*PROBLEM DETAILS:* Leaving out all pictures, transcribe the lines below exactly, from the first through the line containing "kez açıklama yaptı.".

*SOURCE MATERIAL:*
────────────────

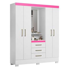 Guarda Roupa Infantil Paris 2045150 Branco Rosa Flex - Aramóveis
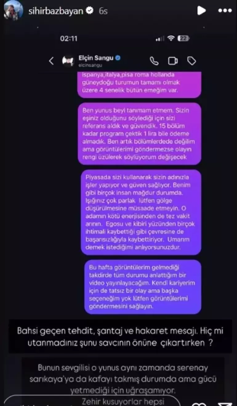 "Sihirbazbayan" adıyla tanınan fenomen Ceren Yılmaz, Elçin Sangu ve sevgilisi Yunus Diken hakkında çarpıcı iddialar ortaya attı. Sosyal medya hesabından bir video yayınlayan Yılmaz, ikili için, "Beni evimden aldırdılar" dedi. Bunun üzerine Sangu'nun sevgilisi de konuyla ilgili ilk kez açıklama yaptı.
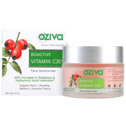 Oziva Bioactive Vitamin C30 Face MoisturiserThis vitamin C-rich moisturiser helps enhance the skin's natural glow, protects the skin, refreshes the skin, adds glow to the skin, supports the elimination of free radicals and boosts collagen production for youthful skin.

────────────────

*RESULT:*
 Guarda Roupa Infantil Paris 2045150 Branco Rosa Flex - Aramóveis
 "Sihirbazbayan" adıyla tanınan fenomen Ceren Yılmaz, Elçin Sangu ve sevgilisi Yunus Diken hakkında çarpıcı iddialar ortaya attı. Sosyal medya hesabından bir video yayınlayan Yılmaz, ikili için, "Beni evimden aldırdılar" dedi. Bunun üzerine Sangu'nun sevgilisi de konuyla ilgili ilk kez açıklama yaptı.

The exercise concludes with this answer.